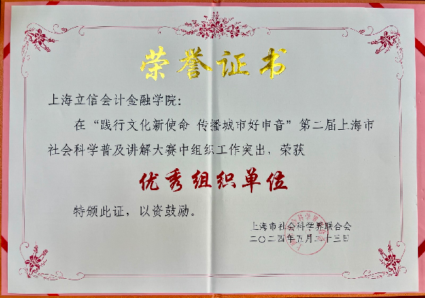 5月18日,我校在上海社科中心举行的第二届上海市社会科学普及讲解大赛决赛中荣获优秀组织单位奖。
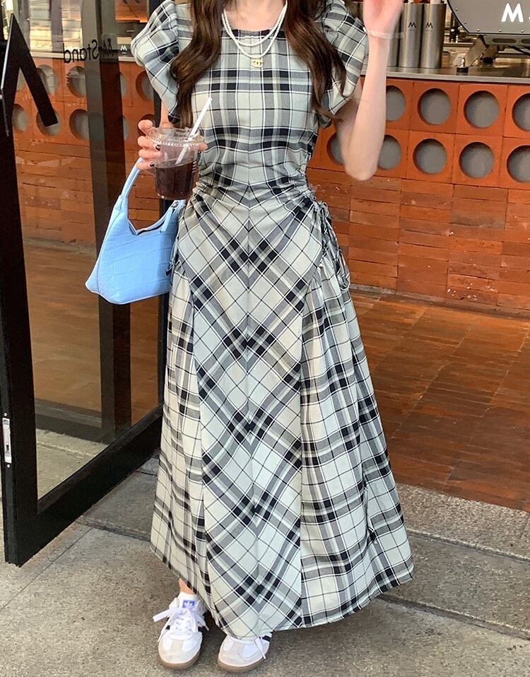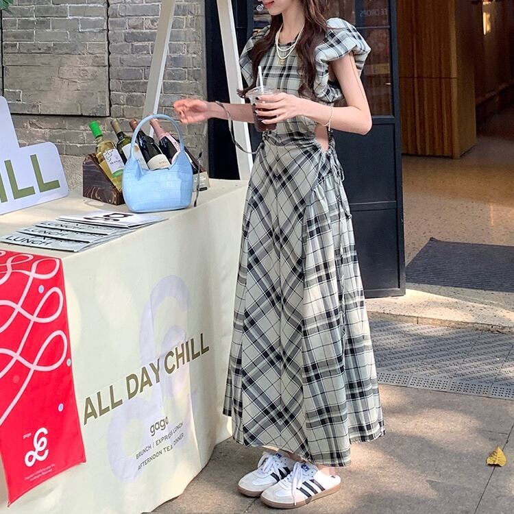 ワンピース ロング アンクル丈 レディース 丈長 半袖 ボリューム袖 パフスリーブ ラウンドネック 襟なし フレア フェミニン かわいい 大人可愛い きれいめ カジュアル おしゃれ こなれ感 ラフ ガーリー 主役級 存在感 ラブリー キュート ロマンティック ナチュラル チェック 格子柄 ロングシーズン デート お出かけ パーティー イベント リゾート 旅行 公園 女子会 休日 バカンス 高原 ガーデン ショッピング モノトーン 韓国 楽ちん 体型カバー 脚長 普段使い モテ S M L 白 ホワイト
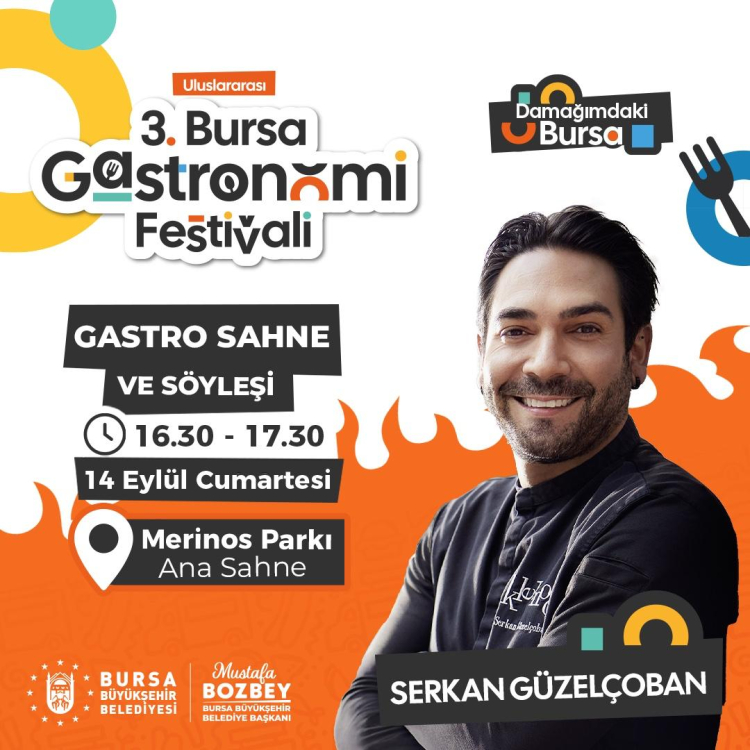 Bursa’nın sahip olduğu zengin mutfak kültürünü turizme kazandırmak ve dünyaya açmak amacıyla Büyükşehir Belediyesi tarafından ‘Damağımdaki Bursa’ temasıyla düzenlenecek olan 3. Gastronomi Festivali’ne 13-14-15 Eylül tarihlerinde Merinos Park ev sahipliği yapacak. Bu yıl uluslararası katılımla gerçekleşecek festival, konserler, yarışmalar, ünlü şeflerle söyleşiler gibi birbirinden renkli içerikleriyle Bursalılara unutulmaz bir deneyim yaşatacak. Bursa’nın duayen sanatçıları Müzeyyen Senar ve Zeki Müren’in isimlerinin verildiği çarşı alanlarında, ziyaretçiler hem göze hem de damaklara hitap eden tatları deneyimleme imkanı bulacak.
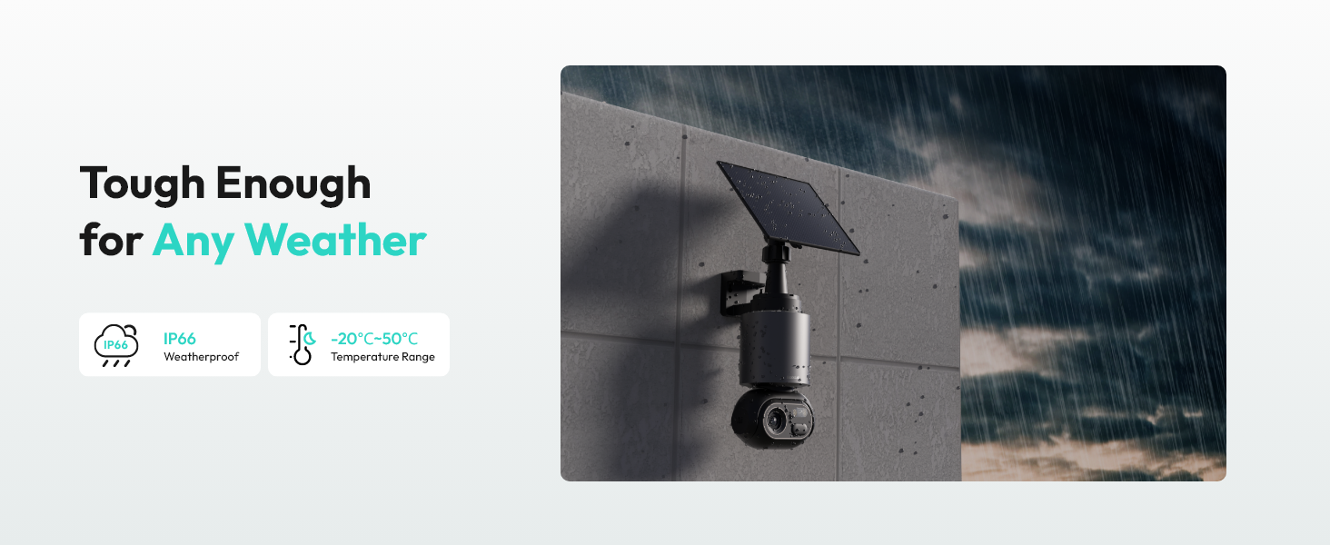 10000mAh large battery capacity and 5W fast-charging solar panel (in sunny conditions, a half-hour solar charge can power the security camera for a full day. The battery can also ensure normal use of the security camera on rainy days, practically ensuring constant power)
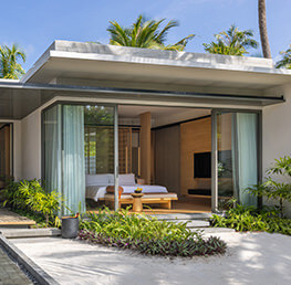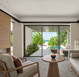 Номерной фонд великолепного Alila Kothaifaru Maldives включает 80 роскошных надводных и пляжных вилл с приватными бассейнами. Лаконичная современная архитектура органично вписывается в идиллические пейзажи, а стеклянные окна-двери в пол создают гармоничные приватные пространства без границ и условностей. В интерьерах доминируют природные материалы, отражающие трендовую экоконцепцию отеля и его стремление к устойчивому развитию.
==================================================
**WHAT THIS TASK INVOLVES**
Leave out the pictures and return the listing exactly.

**TASK RESPONSE**
 5月18日,我校在上海社科中心举行的第二届上海市社会科学普及讲解大赛决赛中荣获优秀组织单位奖。
 ワンピース ロング アンクル丈 レディース 丈長 半袖 ボリューム袖 パフスリーブ ラウンドネック 襟なし フレア フェミニン かわいい 大人可愛い きれいめ カジュアル おしゃれ こなれ感 ラフ ガーリー 主役級 存在感 ラブリー キュート ロマンティック ナチュラル チェック 格子柄 ロングシーズン デート お出かけ パーティー イベント リゾート 旅行 公園 女子会 休日 バカンス 高原 ガーデン ショッピング モノトーン 韓国 楽ちん 体型カバー 脚長 普段使い モテ S M L 白 ホワイト
 Bursa’nın sahip olduğu zengin mutfak kültürünü turizme kazandırmak ve dünyaya açmak amacıyla Büyükşehir Belediyesi tarafından ‘Damağımdaki Bursa’ temasıyla düzenlenecek olan 3. Gastronomi Festivali’ne 13-14-15 Eylül tarihlerinde Merinos Park ev sahipliği yapacak. Bu yıl uluslararası katılımla gerçekleşecek festival, konserler, yarışmalar, ünlü şeflerle söyleşiler gibi birbirinden renkli içerikleriyle Bursalılara unutulmaz bir deneyim yaşatacak. Bursa’nın duayen sanatçıları Müzeyyen Senar ve Zeki Müren’in isimlerinin verildiği çarşı alanlarında, ziyaretçiler hem göze hem de damaklara hitap eden tatları deneyimleme imkanı bulacak.
 10000mAh large battery capacity and 5W fast-charging solar panel (in sunny conditions, a half-hour solar charge can power the security camera for a full day. The battery can also ensure normal use of the security camera on rainy days, practically ensuring constant power)
 Номерной фонд великолепного Alila Kothaifaru Maldives включает 80 роскошных надводных и пляжных вилл с приватными бассейнами. Лаконичная современная архитектура органично вписывается в идиллические пейзажи, а стеклянные окна-двери в пол создают гармоничные приватные пространства без границ и условностей. В интерьерах доминируют природные материалы, отражающие трендовую экоконцепцию отеля и его стремление к устойчивому развитию.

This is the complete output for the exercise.